Oreolalax liangbeiensis
- Conservation status: Critically Endangered (IUCN 3.1)

Scientific classification
- Kingdom: Animalia
- Phylum: Chordata
- Class: Amphibia
- Order: Anura
- Family: Megophryidae
- Genus: Oreolalax
- Species: O. liangbeiensis
- Binomial name: Oreolalax liangbeiensis Liu & Fei, 1979
- Synonyms: Scutiger liangbeiensis (Liu & Fei, 1979)
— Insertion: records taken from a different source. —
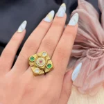 This gorgeous gold-plated statement ring features a round floral kundan design embellished with sparkling multicolor stones for a rich traditional look. Ideal for weddings, festive occasions, […]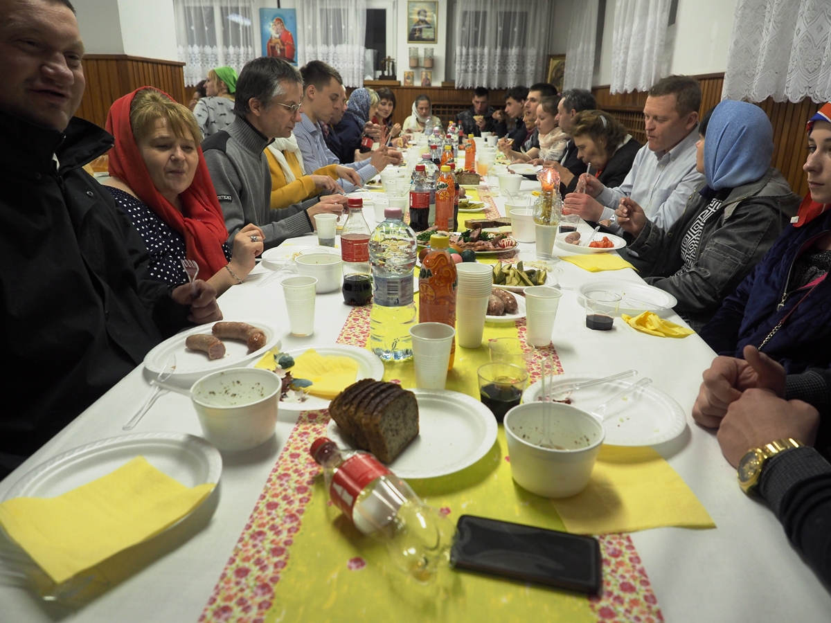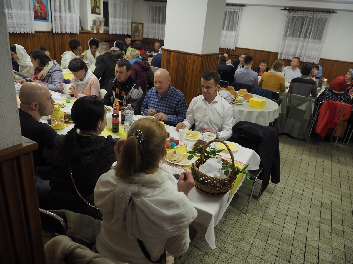 W tym roku wierni parafii wraz z duchowieństwem po raz kolejny mieli okazję podzielić się radością Zmartwychwstania nie tylko podczas wspólnej modlitwy w świątyni ale i przy spożywaniu pierwszego świątecznego posiłku. Na śniadaniu byli obecni obywatele z Polski, Ukrainy, Białorusi, Gruzji a nawet z takich dalekich afrykańskich krajów jak Etiopia czy Erytrea. Oprócz tradycyjnych potraw takich jak: jajka z chrzanem, pascha, żurek nie zabrakło także gruzińskiego przysmaku jakim jest chaczapuri. Centrum Kultury Prawosławnej składa serdeczne podziękowania wszystkim zaangażowanym w organizację tego przedsięwzięcia.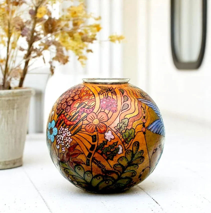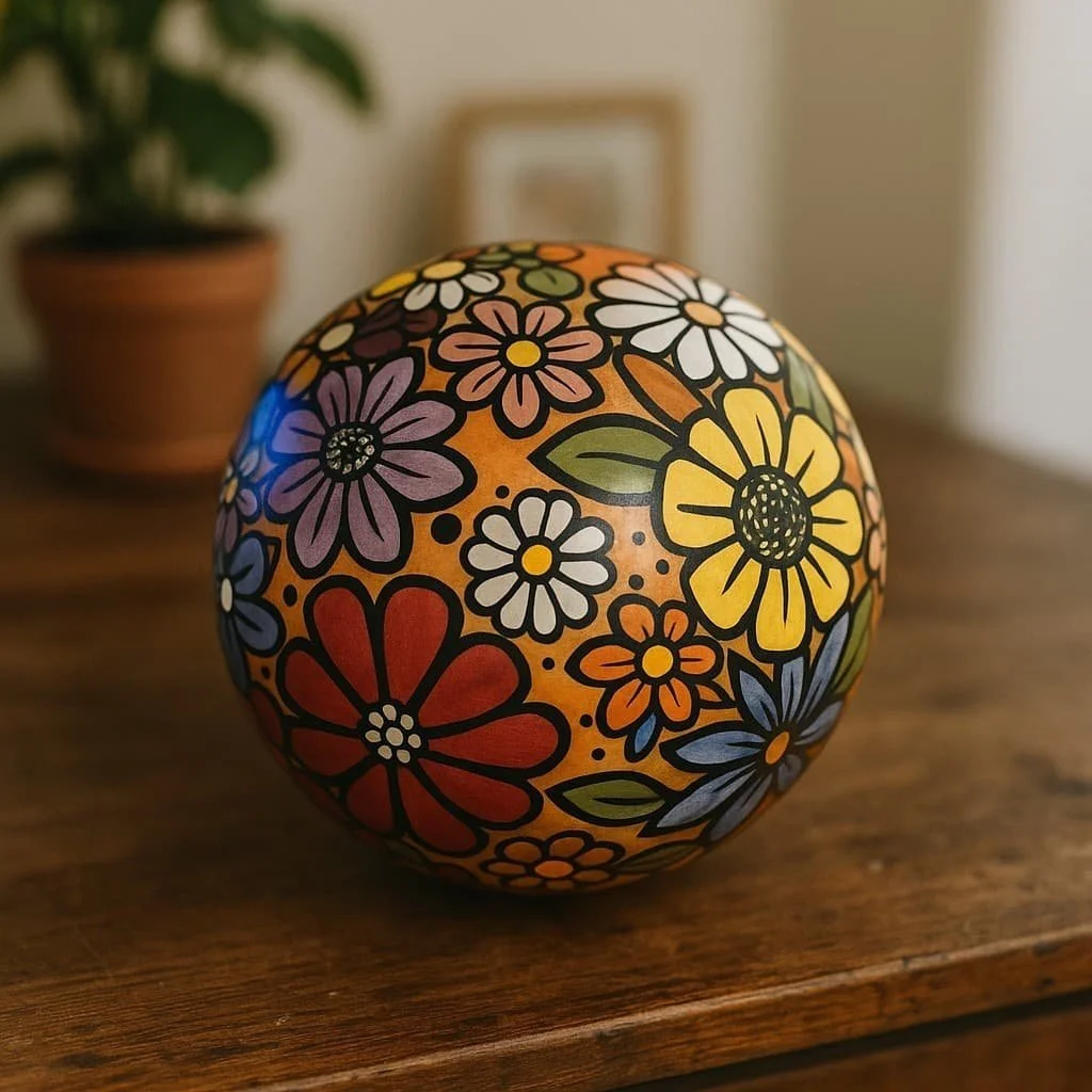 An original digital art piece created by Warwick Arts. This handcrafted Floral Gourd Ball features vibrant hand-painted flowers, sealed for durability. A unique decorative accent, perfect for rustic or garden-inspired spaces.

= Oreolalax liangbeiensis =

- Authority: Liu & Fei, 1979
- Conservation status: CR
- Synonyms: Scutiger liangbeiensis (Liu & Fei, 1979)

Species of amphibian

Oreolalax liangbeiensis (Liangbei toothed toad) is a species of amphibian in the family Megophryidae endemic to China: it is only known from the vicinity of its type locality, Puxiong (普雄镇) in Yuexi County, Sichuan, where it is known only from a single stream. Its natural habitats are subtropical moist montane forests and rivers. It is threatened by habitat loss.

Male Oreolalax liangbeiensis grow to about 52 mm in snout-vent length and females to about 60 mm. Tadpoles are 61 mm in length.